Los sabores de la Sierra Norte parecen estar en conexión con la tierra y sus gentes cuyos ingredientes son los productos de calidad y de cercanía, de una gastronomía basada en el aprovechamiento ganadero y agrícola y en los productos de temporada como legumbres o frutas, sin olvidar sus exquisitos quesos, vinos, mieles…

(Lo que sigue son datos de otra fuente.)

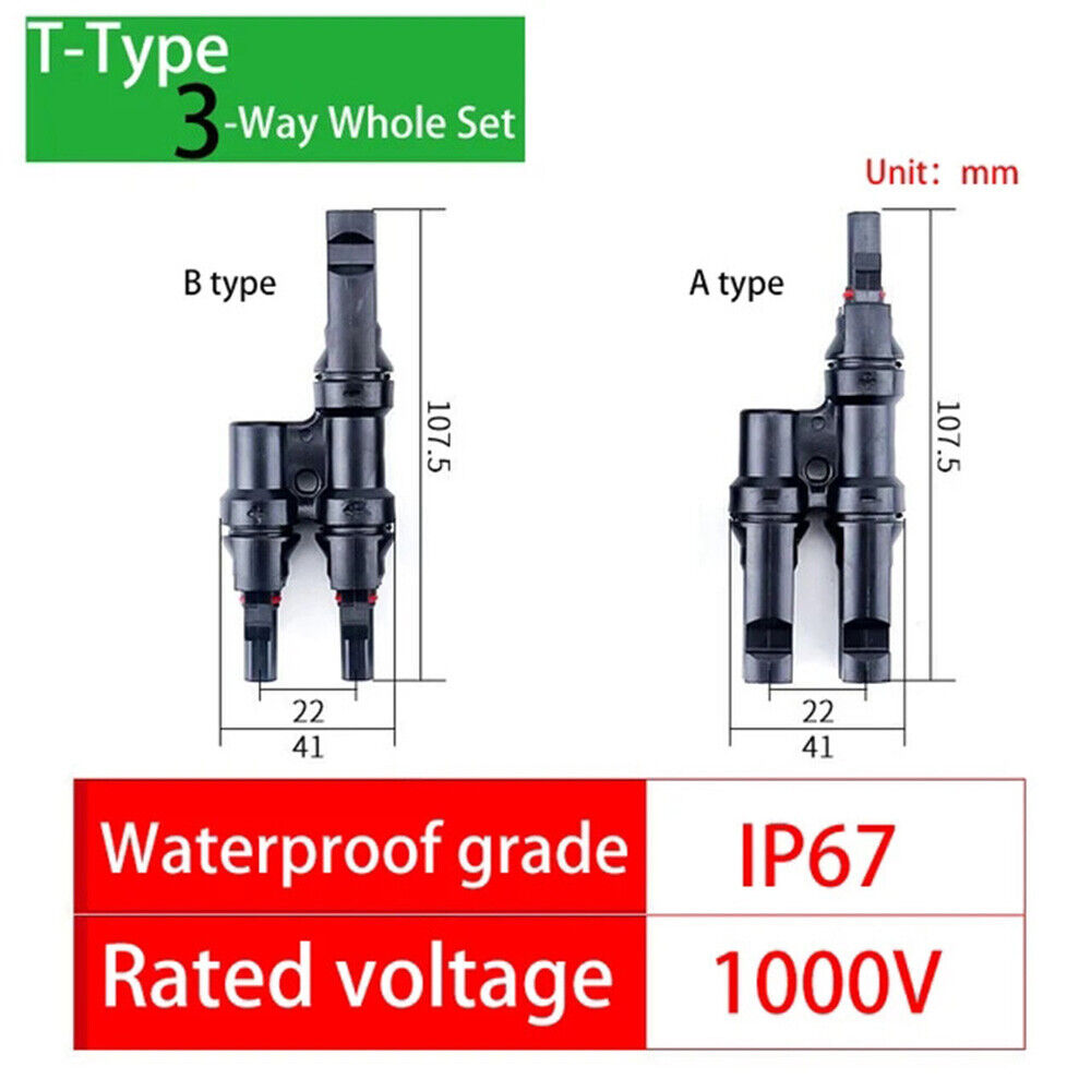 T Typ 3 Zweig Solarpanel Kabel Photovoltaik-Steckverbinder MFFF FMMM IP67

La gastronomía de la Sierra Norte es otro de sus grandes atractivos. Los productos locales, frescos y de calidad, son la base de una cocina que combina tradición y buen sabor. Platos como las judías blancas con oreja y pata de cerdo, las migas dulces, el cocido o los mantecados son imprescindibles para quienes desean probar lo mejor de la cocina serrana y todo ello regado por vinos de calidad y personalidad. No hay que perderse la oportunidad de visitar alguna de las bodegas locales, donde se puede probar alguno de sus tempranillos como el de la bodega de Viña Bardela. No podemos olvidar el aceite producido en las almazaras de la región, otro de los tesoros gastronómicos de esta zona como el que elabora Aceite Fanum, en Torremocha del Jarama.

La Sierra Norte también ofrece jornadas gastronómicas, catas o cursos para quien esté dispuesto a aprender el oficio o quiera profundizar en la gastronomía local. La Escuela de hostelería de Madarcos permite empaparse desde un nivel inicial de los productos y recetas de los platos típicos de esta parte de Madrid.